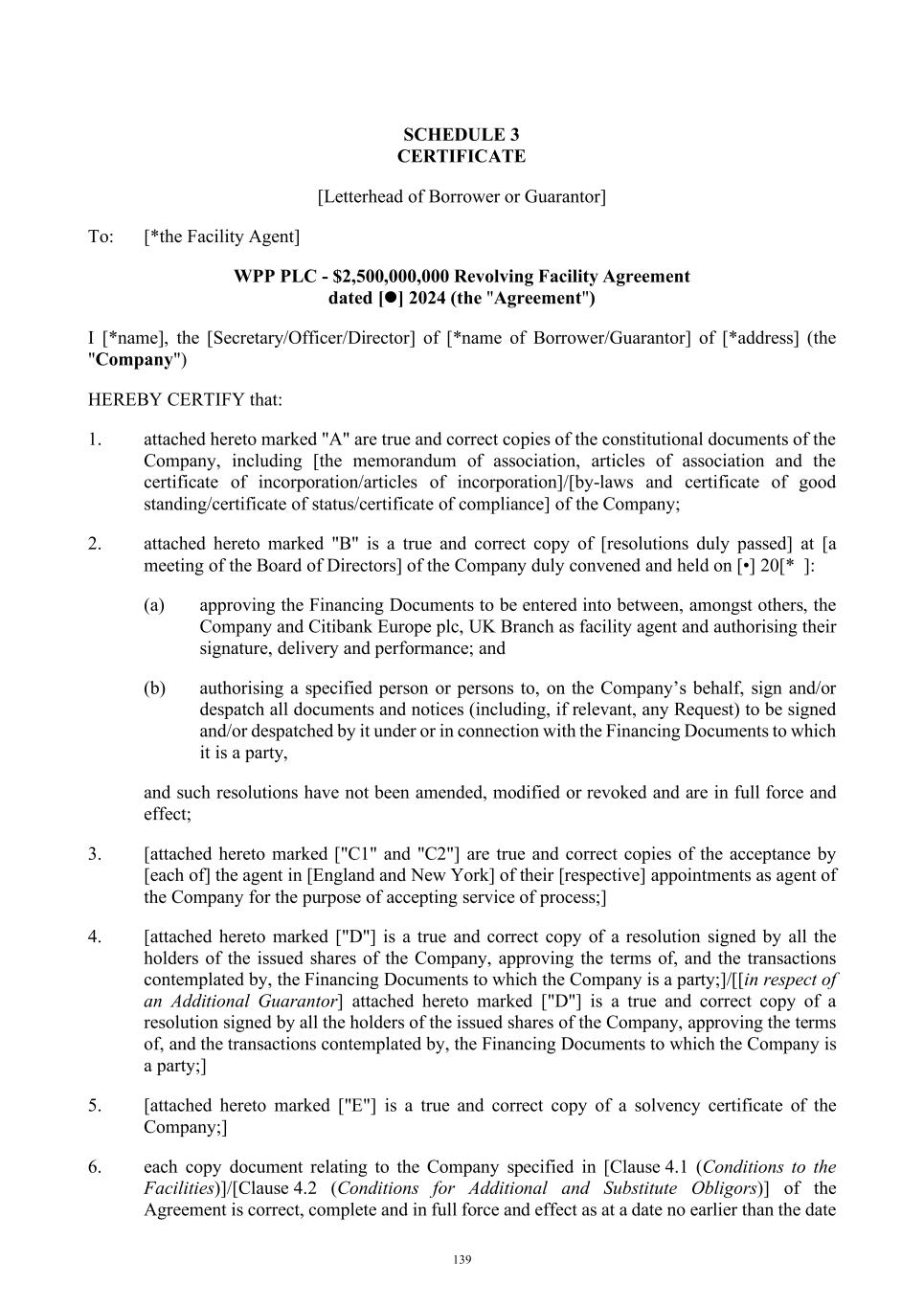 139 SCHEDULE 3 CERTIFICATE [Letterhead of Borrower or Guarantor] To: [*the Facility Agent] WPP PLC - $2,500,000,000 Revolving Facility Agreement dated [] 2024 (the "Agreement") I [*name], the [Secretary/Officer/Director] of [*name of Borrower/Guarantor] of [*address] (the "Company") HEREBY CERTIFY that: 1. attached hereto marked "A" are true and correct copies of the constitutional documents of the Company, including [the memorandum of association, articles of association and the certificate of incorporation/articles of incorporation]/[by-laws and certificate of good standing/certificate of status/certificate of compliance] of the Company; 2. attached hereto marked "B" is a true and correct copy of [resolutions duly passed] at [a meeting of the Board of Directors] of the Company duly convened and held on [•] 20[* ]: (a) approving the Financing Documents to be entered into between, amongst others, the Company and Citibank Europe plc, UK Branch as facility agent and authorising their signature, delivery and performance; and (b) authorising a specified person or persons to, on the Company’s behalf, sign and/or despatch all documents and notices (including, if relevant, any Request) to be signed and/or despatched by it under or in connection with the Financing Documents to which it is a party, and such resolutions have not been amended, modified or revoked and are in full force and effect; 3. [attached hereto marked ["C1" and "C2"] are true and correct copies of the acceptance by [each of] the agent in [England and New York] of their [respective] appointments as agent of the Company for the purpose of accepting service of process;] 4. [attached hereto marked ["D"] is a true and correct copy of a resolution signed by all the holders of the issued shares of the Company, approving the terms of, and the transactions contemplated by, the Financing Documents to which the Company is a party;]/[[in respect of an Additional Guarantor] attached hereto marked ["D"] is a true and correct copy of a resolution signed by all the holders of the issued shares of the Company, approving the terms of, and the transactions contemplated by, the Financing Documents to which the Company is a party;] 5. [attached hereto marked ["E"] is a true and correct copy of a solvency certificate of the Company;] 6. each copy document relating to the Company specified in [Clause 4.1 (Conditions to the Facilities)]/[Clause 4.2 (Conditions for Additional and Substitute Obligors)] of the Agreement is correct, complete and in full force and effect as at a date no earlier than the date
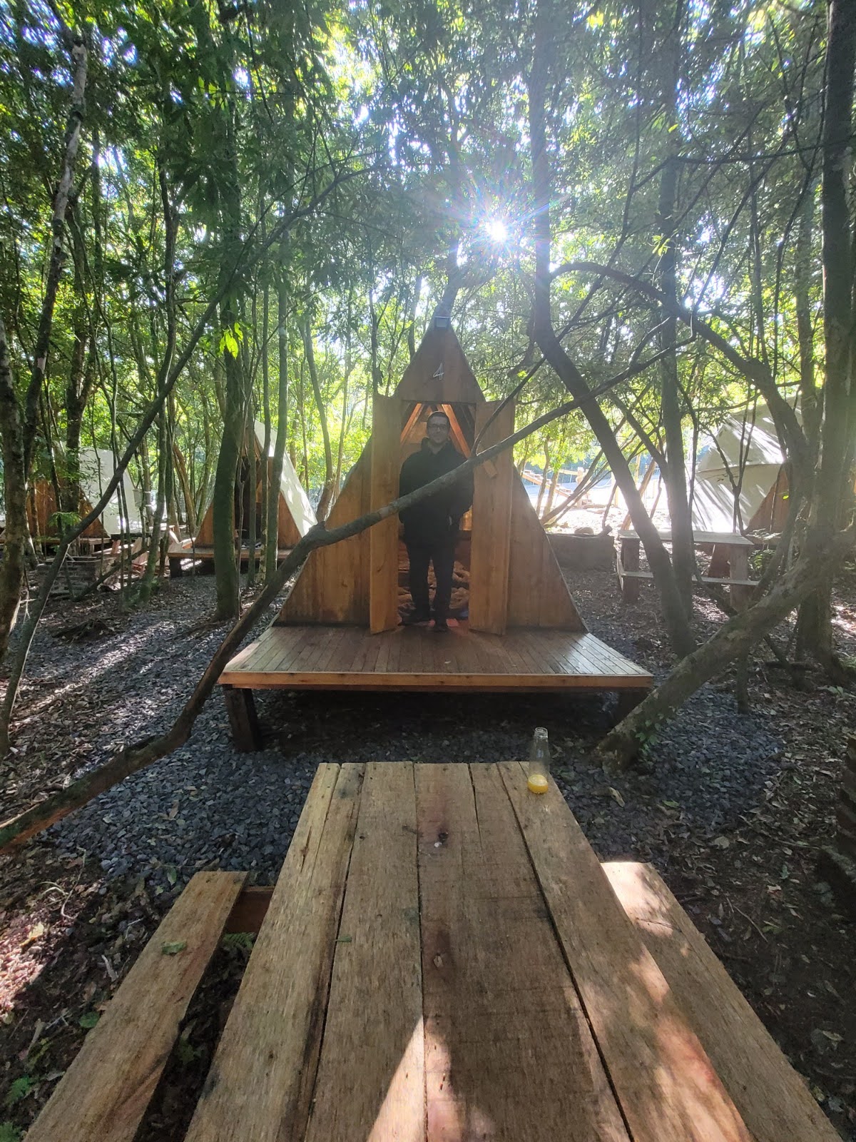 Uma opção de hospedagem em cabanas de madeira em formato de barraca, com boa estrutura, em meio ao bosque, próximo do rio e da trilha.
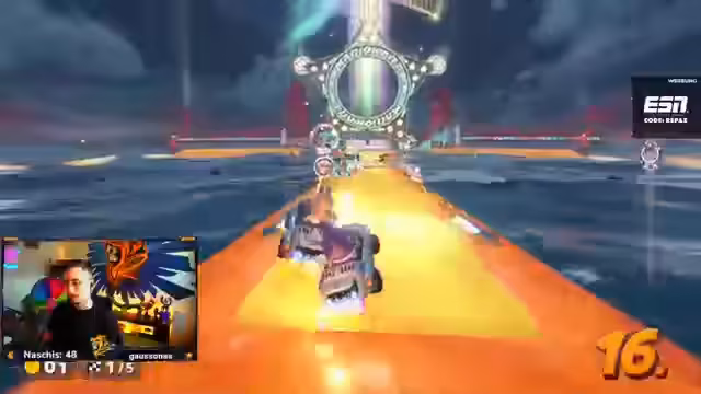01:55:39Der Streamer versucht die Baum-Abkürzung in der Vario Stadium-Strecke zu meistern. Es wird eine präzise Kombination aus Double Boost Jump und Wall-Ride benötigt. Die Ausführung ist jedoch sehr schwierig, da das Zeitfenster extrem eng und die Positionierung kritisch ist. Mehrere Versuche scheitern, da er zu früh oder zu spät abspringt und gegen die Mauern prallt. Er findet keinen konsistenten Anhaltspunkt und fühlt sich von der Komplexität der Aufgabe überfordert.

--

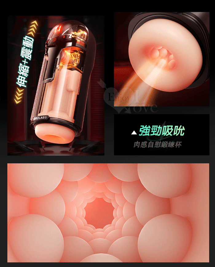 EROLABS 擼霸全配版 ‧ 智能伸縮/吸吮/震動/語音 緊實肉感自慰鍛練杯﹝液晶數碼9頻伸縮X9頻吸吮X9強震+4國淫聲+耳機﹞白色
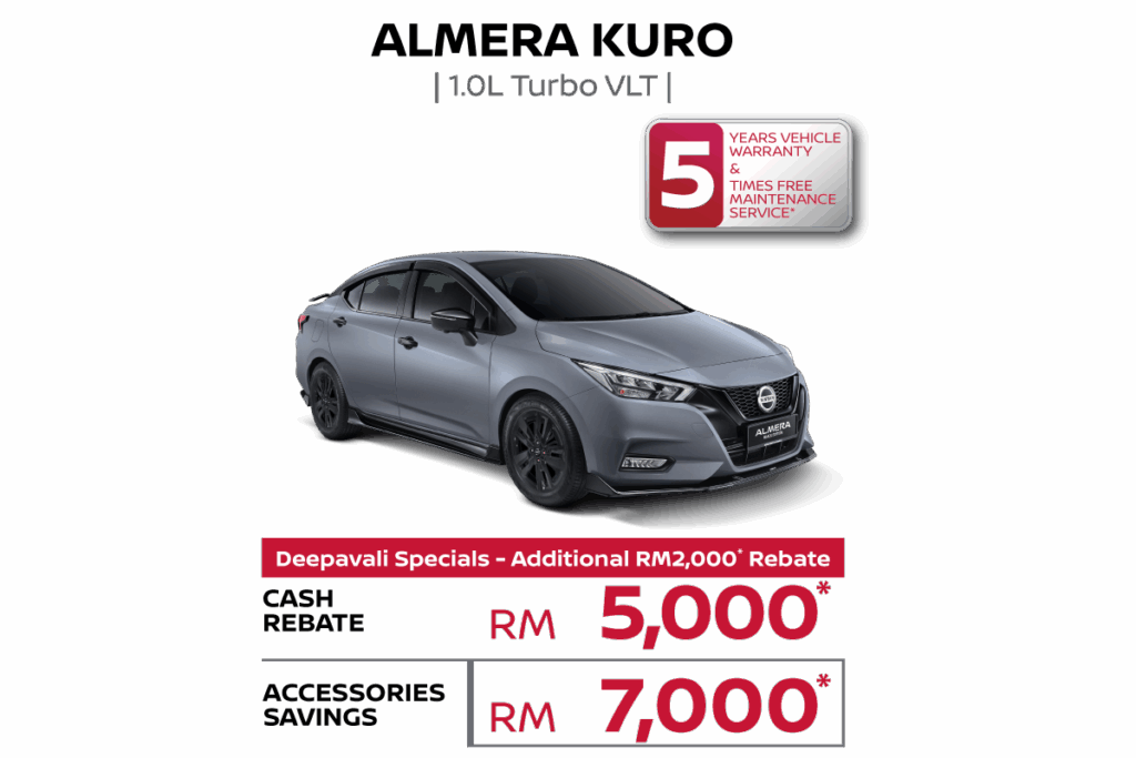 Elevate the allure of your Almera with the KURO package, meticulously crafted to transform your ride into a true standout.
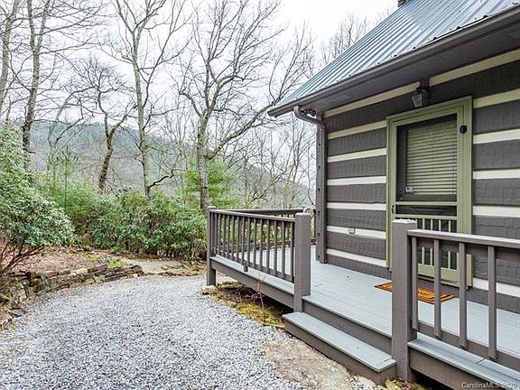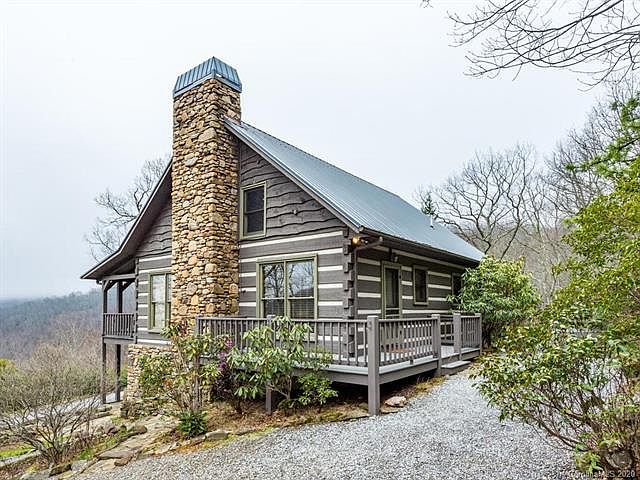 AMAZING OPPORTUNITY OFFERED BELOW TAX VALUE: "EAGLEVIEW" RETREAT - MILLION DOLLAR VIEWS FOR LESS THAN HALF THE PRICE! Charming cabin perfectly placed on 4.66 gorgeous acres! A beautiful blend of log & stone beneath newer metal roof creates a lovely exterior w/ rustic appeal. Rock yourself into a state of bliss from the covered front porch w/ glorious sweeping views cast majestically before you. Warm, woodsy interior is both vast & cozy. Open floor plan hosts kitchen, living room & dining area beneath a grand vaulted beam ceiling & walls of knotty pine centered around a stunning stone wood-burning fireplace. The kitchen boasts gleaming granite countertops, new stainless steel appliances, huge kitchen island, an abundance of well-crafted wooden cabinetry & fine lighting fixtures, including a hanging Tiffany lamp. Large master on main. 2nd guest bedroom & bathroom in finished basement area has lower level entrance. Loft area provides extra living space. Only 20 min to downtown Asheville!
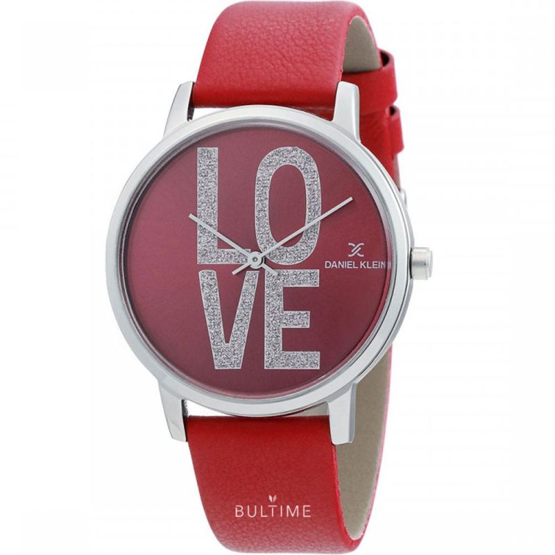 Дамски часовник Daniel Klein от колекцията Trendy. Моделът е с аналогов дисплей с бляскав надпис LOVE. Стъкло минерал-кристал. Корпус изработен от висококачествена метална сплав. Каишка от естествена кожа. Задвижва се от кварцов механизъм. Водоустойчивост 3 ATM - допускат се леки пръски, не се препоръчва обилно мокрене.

---

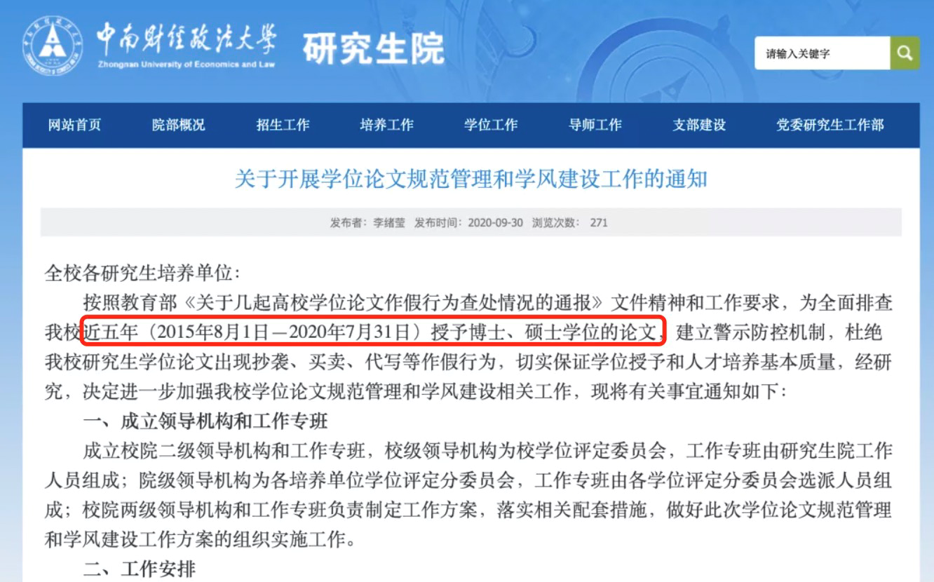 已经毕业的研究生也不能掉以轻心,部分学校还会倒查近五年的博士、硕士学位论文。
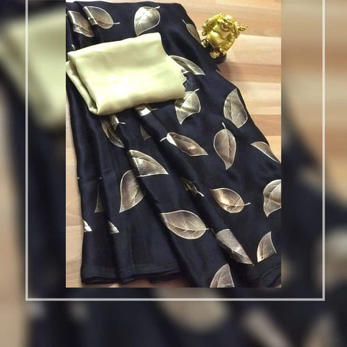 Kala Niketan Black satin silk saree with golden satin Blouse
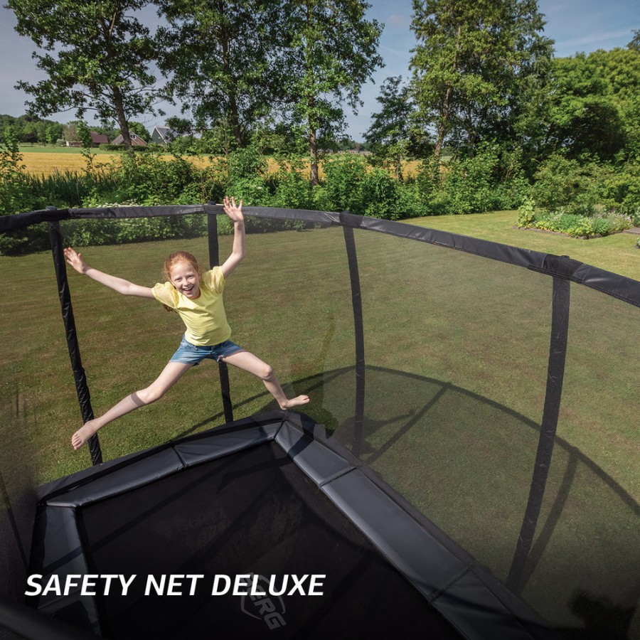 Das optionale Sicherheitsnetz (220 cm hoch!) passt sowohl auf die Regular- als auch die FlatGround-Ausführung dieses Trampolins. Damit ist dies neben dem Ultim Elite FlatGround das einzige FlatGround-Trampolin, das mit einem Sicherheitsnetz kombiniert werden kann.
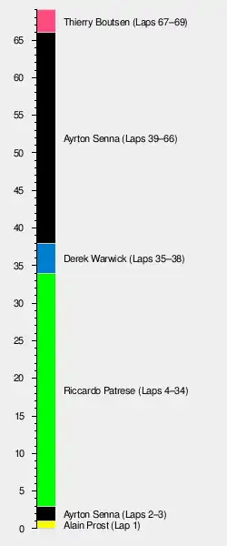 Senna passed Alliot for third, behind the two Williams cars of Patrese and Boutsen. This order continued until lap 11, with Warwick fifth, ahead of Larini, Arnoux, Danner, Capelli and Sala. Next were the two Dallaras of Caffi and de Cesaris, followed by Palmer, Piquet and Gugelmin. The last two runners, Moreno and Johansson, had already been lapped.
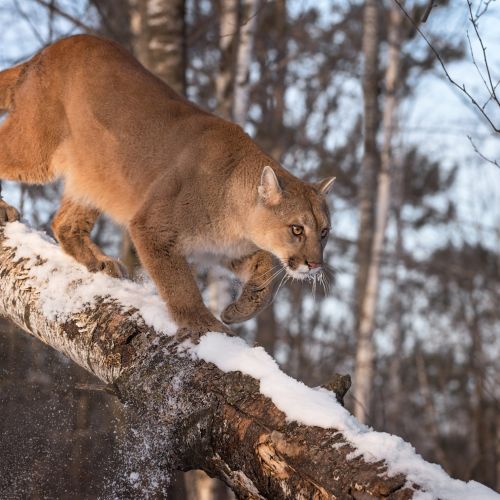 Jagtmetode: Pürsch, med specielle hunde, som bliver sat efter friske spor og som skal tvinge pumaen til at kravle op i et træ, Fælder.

The task: Starting at the line above with "已经毕业的研究生也不能掉以轻心,部分学校还会倒查近五年的博士、硕士学位论文。", output every line exactly up to and including the line with "Jagtmetode: Pürsch, med", but none of the pictures.

Answer for the task:
 已经毕业的研究生也不能掉以轻心,部分学校还会倒查近五年的博士、硕士学位论文。
 Kala Niketan Black satin silk saree with golden satin Blouse
 Das optionale Sicherheitsnetz (220 cm hoch!) passt sowohl auf die Regular- als auch die FlatGround-Ausführung dieses Trampolins. Damit ist dies neben dem Ultim Elite FlatGround das einzige FlatGround-Trampolin, das mit einem Sicherheitsnetz kombiniert werden kann.
 Senna passed Alliot for third, behind the two Williams cars of Patrese and Boutsen. This order continued until lap 11, with Warwick fifth, ahead of Larini, Arnoux, Danner, Capelli and Sala. Next were the two Dallaras of Caffi and de Cesaris, followed by Palmer, Piquet and Gugelmin. The last two runners, Moreno and Johansson, had already been lapped.
 Jagtmetode: Pürsch, med specielle hunde, som bliver sat efter friske spor og som skal tvinge pumaen til at kravle op i et træ, Fælder.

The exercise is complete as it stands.